====== ENTRIES PROVIDED

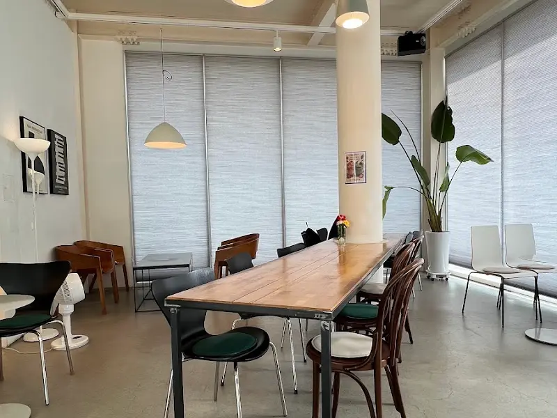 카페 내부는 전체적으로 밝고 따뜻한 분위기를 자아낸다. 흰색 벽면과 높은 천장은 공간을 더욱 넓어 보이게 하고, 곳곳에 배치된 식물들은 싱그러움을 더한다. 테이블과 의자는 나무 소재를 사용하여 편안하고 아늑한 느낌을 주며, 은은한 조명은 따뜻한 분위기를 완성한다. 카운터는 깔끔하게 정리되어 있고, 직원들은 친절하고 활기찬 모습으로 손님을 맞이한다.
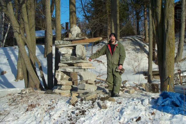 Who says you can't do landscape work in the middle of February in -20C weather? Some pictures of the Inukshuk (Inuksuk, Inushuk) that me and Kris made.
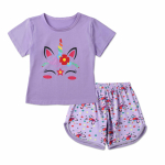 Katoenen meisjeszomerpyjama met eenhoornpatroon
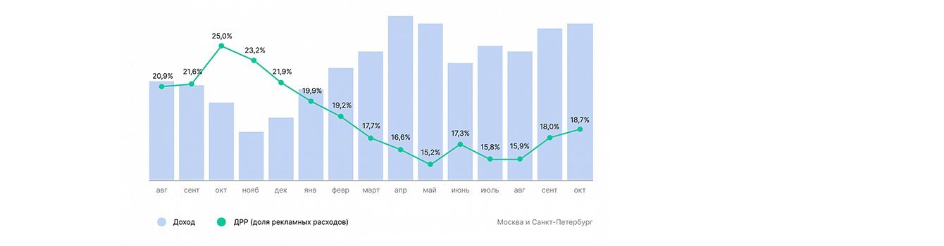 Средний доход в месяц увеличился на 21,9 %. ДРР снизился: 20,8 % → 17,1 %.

============
====== ENTRIES PROVIDED

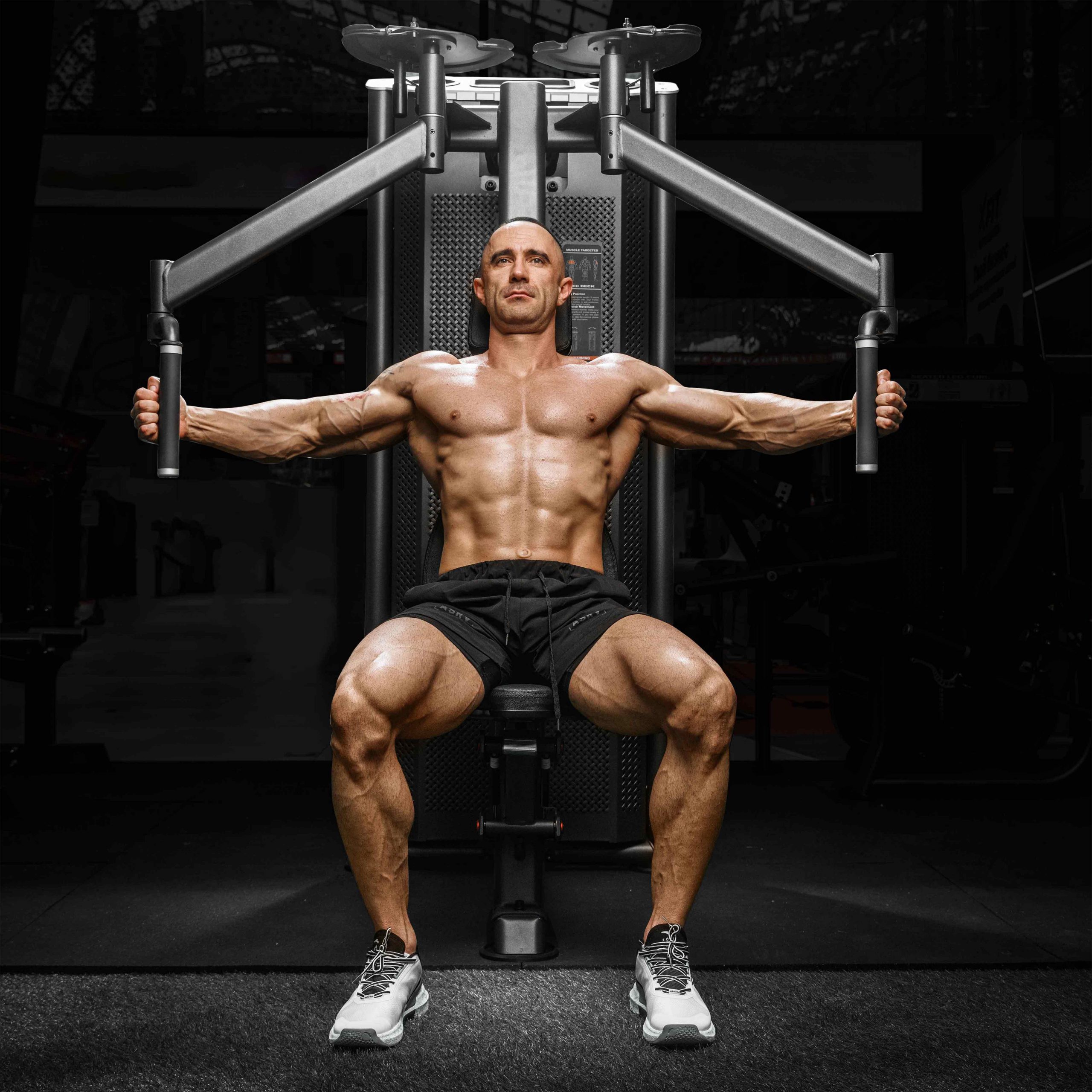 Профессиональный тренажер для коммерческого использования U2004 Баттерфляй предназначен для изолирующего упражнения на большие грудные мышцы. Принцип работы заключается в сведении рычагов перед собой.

============
====== ENTRIES PROVIDED

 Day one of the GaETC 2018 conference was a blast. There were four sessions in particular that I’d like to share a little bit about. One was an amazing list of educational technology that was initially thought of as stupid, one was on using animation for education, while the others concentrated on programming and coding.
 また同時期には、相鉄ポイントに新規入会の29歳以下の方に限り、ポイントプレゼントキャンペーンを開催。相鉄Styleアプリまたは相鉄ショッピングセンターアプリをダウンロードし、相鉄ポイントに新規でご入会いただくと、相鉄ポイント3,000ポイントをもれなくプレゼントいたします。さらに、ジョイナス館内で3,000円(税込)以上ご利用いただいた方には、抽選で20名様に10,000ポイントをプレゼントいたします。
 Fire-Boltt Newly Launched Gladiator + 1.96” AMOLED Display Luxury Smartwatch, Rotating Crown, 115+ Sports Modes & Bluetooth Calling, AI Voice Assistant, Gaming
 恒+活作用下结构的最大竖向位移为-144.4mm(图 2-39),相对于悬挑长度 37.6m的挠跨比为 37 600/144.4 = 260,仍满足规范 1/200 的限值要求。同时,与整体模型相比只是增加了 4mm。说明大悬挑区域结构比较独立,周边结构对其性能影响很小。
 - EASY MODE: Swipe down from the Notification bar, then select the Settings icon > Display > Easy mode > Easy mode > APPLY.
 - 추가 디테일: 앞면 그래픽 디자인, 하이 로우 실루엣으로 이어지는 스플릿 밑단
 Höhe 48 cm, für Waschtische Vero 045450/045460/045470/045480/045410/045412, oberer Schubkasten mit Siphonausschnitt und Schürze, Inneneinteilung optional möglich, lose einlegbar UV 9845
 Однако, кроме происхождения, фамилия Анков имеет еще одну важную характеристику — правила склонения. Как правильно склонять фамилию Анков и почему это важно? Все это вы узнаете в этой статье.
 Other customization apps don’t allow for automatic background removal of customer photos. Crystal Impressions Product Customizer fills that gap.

============

*THE PROBLEM*:
Repeat, without pictures, exactly the lines of the data above from the one containing "카페 내부는 전체적으로" through the one containing "Средний доход в", including both and adding nothing.

*PROBLEM SOLUTION*:
 카페 내부는 전체적으로 밝고 따뜻한 분위기를 자아낸다. 흰색 벽면과 높은 천장은 공간을 더욱 넓어 보이게 하고, 곳곳에 배치된 식물들은 싱그러움을 더한다. 테이블과 의자는 나무 소재를 사용하여 편안하고 아늑한 느낌을 주며, 은은한 조명은 따뜻한 분위기를 완성한다. 카운터는 깔끔하게 정리되어 있고, 직원들은 친절하고 활기찬 모습으로 손님을 맞이한다.
 Who says you can't do landscape work in the middle of February in -20C weather? Some pictures of the Inukshuk (Inuksuk, Inushuk) that me and Kris made.
 Katoenen meisjeszomerpyjama met eenhoornpatroon
 Средний доход в месяц увеличился на 21,9 %. ДРР снизился: 20,8 % → 17,1 %.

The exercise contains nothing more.